◆ What you have to do
Here is the task for the listing below: output exactly the lines from the one containing "天眼查显示,前述汇川投资21" through the one containing "雷达散射截面积测量是设计、制", and leave out the pictures.

(Source records begins)

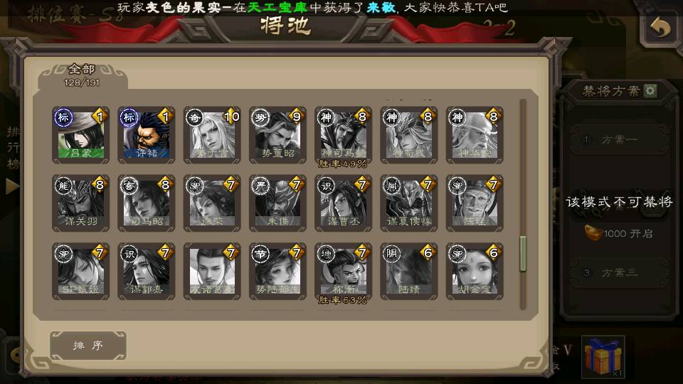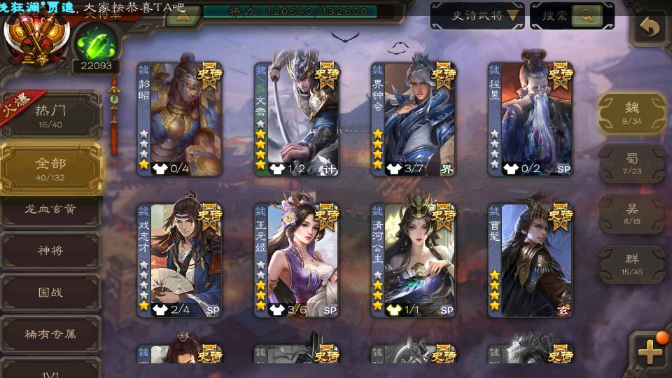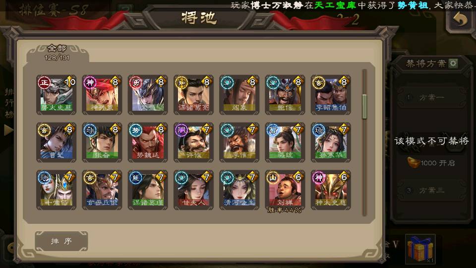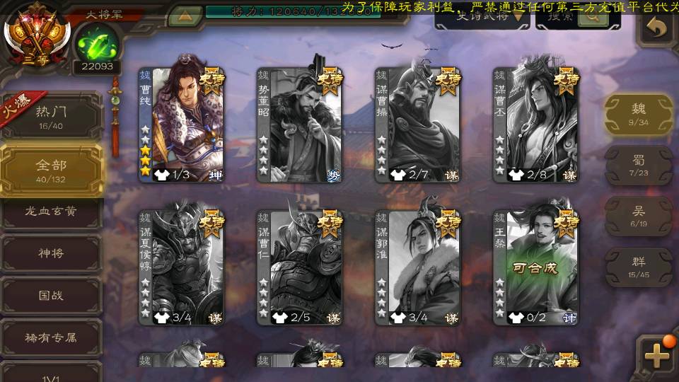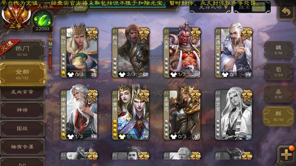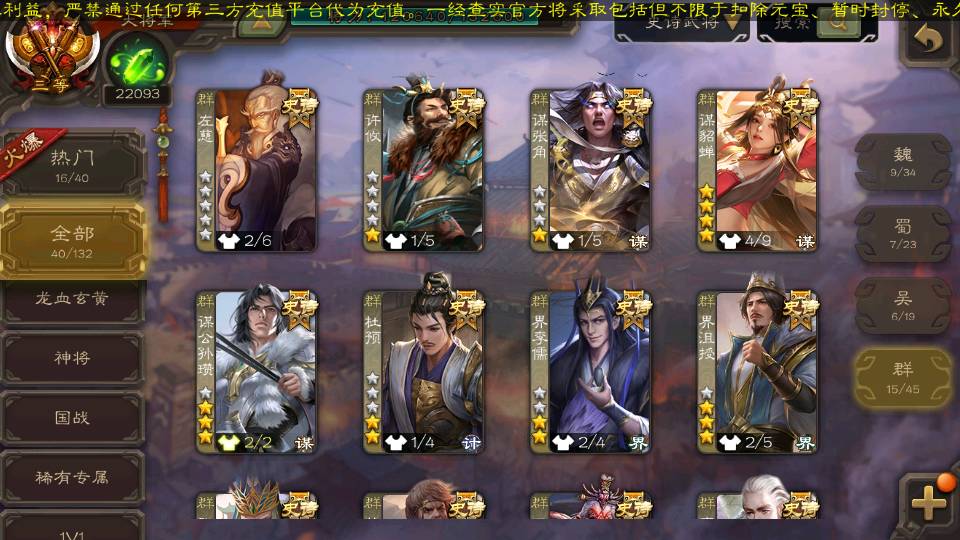 (群雄):杜预,界沮授,南华老仙,麴义,许攸,十常侍,谋貂蝉,张让,界李儒,庞德公,谋公孙瓒,谋张角,星黄忠,左慈,兀突骨
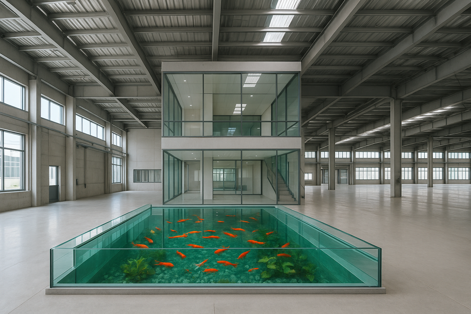 🌟 NHÀ MÁY SẢN XUẤT KÍNH SIÊU TRONG HỒ CÁ CITYBUILDING – XÃ NGHĨA THÀNH
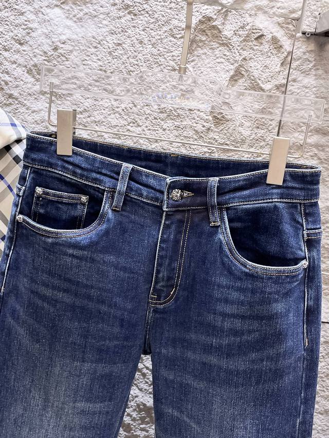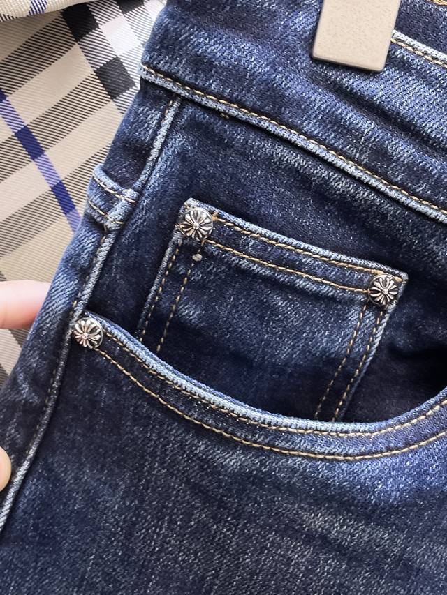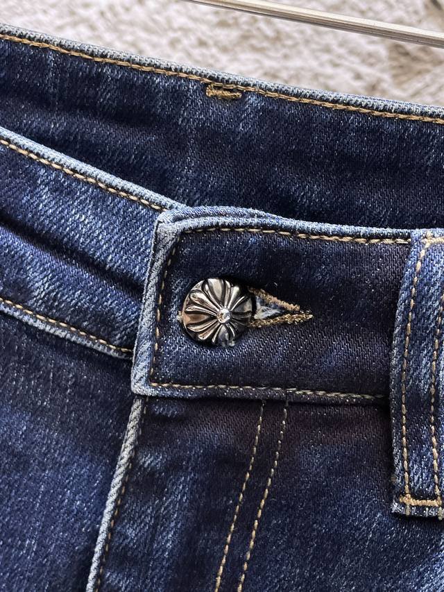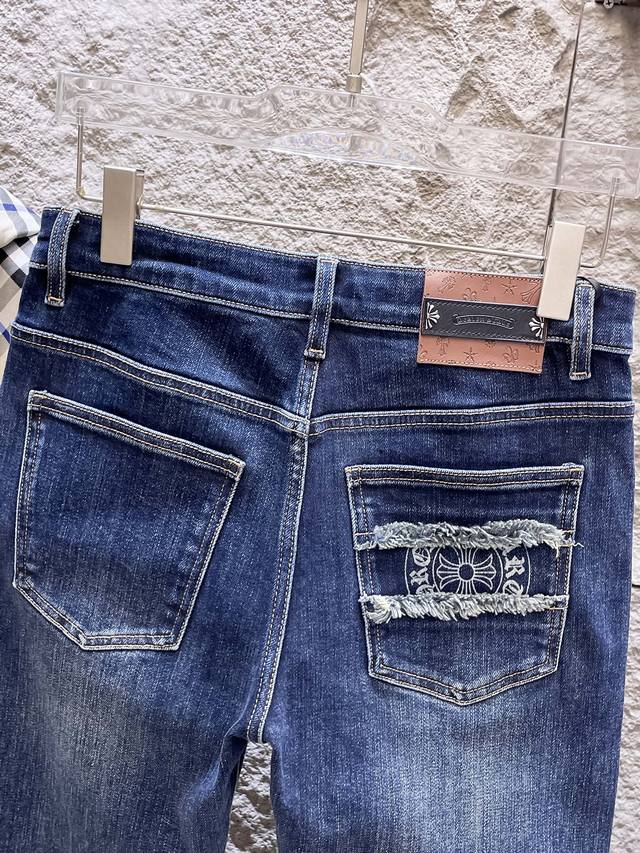 Chrome Hearts 2025 Autumn/Winter New Arrival High-End Jeans, Original European Quality, High-Quality Item. Made with imported custom-made high-end washed fabric, high-elasticity, breathable and comfortable. Impeccable workmanship and edging details. Brand elements and design concepts embody high quality. Delicate and soft to the touch, presenting a casual cut, looks amazing on, slim fit. Sizes: 28-38 (35 available).
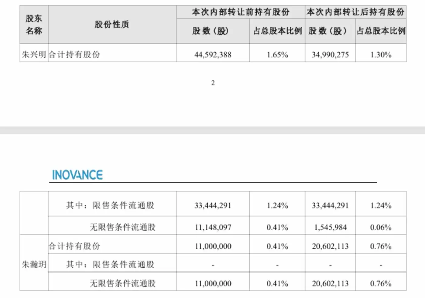 天眼查显示,前述汇川投资21.7029%股权已于2024年完成过户登记。相应的股份赠与,朱兴明分别于2024年12月、2025年9月以大宗交易方式,向朱瀚玥转让公司股份11,000,000股、9,602,113股,内部转让均价为62.06元/股、80.14元/股。
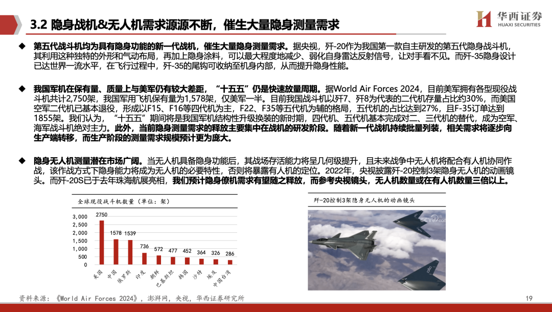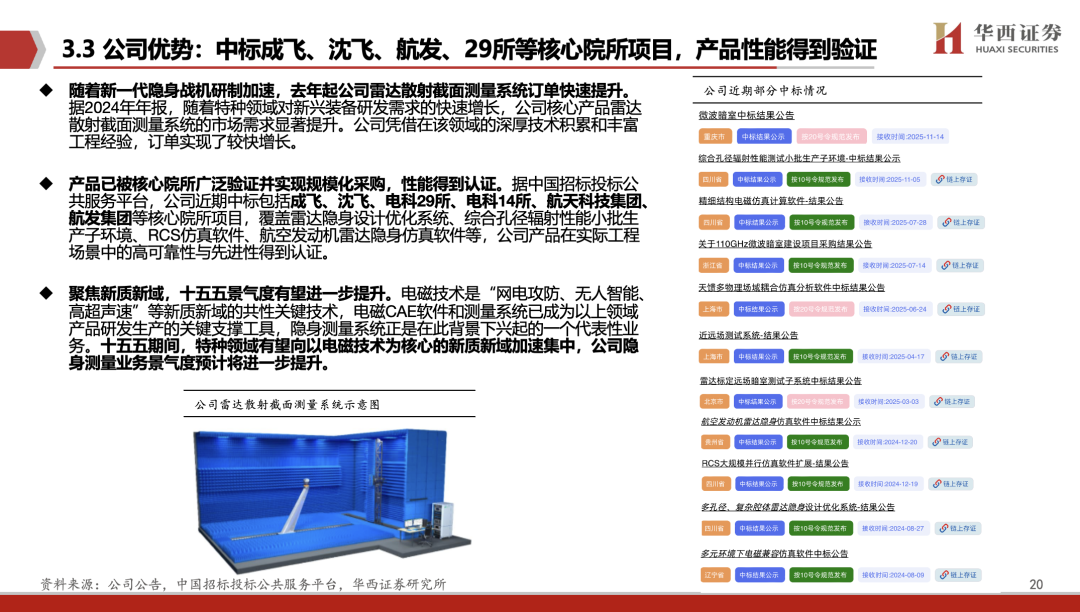 雷达散射截面积测量是设计、制造、维护隐身飞机的必要手段,贯穿全生命周期。第五代战斗机均为具有隐身功能的新一代战机,催生大量隐身测量需求。此外,当前隐身测量需求的释放主要集中在战机的研发阶段。随着新一代战机持续批量列装,相关需求将逐步向生产端转移,而生产阶段的测量需求规模预计更为庞大。同时,隐身无人机测量潜在市场广阔。据中国招标投标公共服务平台,公司近期中标包括成飞、沈飞、电科29所、电科14所、航天科技集团、航发集团等核心院所项目,覆盖雷达隐身设计优化系统、综合孔径辐射性能小批生产子环境、RCS仿真软件、航空发动机雷达隐身仿真软件等,公司产品在实际工程场景中的高可靠性与先进性得到认证。
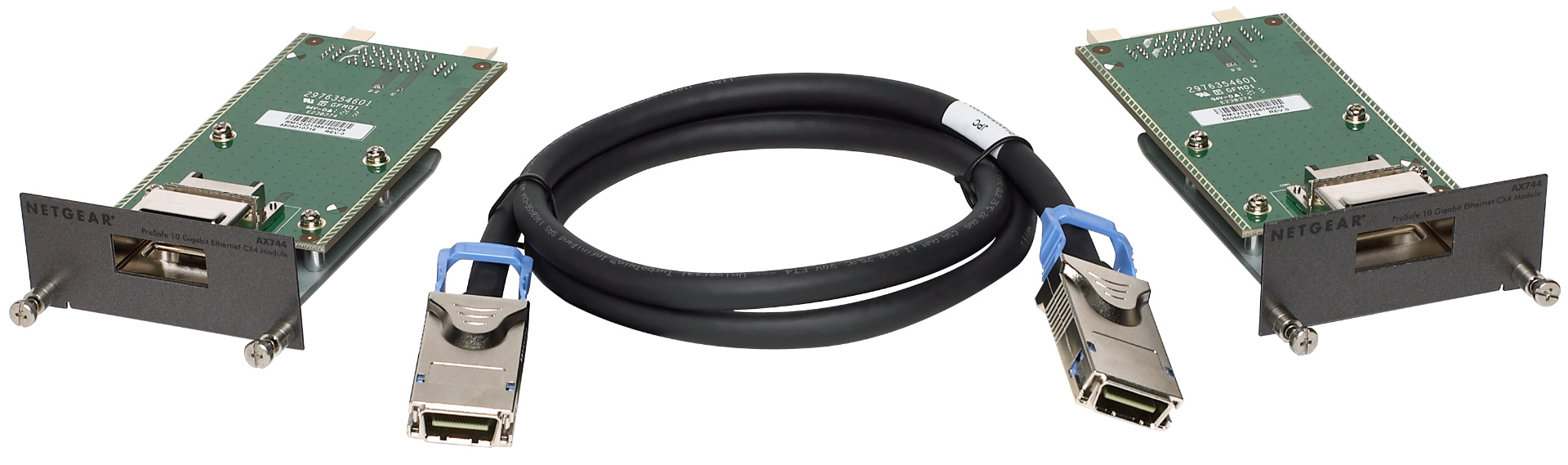 *For deployment convenience, M5300 series two rear I/O bays are pre-configured for stacking mode in factory default settings, allows for zero-touch stacking as soon as back connectivity is detected. *Copper, fiber can be mixed and matched for stacking interconnect. *One AX742 Stacking Kit per M5300 switch for local, dual ring topology *AX742 is a bundle: 2 CX4 I/O modules AX744 + 1 stacking CX4 cable (1m - 3.3 ft) *Latest IEEE 802.3ak 10GBASE-CX4 specifications (infiniband) *Each I/O module half-duplex speed is 12 Gbps (24 Gbps full duplex) with 1m cable *Dual ring stacking interconnect is 48 Gbps per switch (384 Gbps per stack) when one AX742 kit per switch (two I/O modules) *Longer cable may be used (standard infiniband CX4 cable) *Ordering Part Number (Worldwide): AX742

(Source records ends)

◆ Solution to this problem
 天眼查显示,前述汇川投资21.7029%股权已于2024年完成过户登记。相应的股份赠与,朱兴明分别于2024年12月、2025年9月以大宗交易方式,向朱瀚玥转让公司股份11,000,000股、9,602,113股,内部转让均价为62.06元/股、80.14元/股。
 雷达散射截面积测量是设计、制造、维护隐身飞机的必要手段,贯穿全生命周期。第五代战斗机均为具有隐身功能的新一代战机,催生大量隐身测量需求。此外,当前隐身测量需求的释放主要集中在战机的研发阶段。随着新一代战机持续批量列装,相关需求将逐步向生产端转移,而生产阶段的测量需求规模预计更为庞大。同时,隐身无人机测量潜在市场广阔。据中国招标投标公共服务平台,公司近期中标包括成飞、沈飞、电科29所、电科14所、航天科技集团、航发集团等核心院所项目,覆盖雷达隐身设计优化系统、综合孔径辐射性能小批生产子环境、RCS仿真软件、航空发动机雷达隐身仿真软件等,公司产品在实际工程场景中的高可靠性与先进性得到认证。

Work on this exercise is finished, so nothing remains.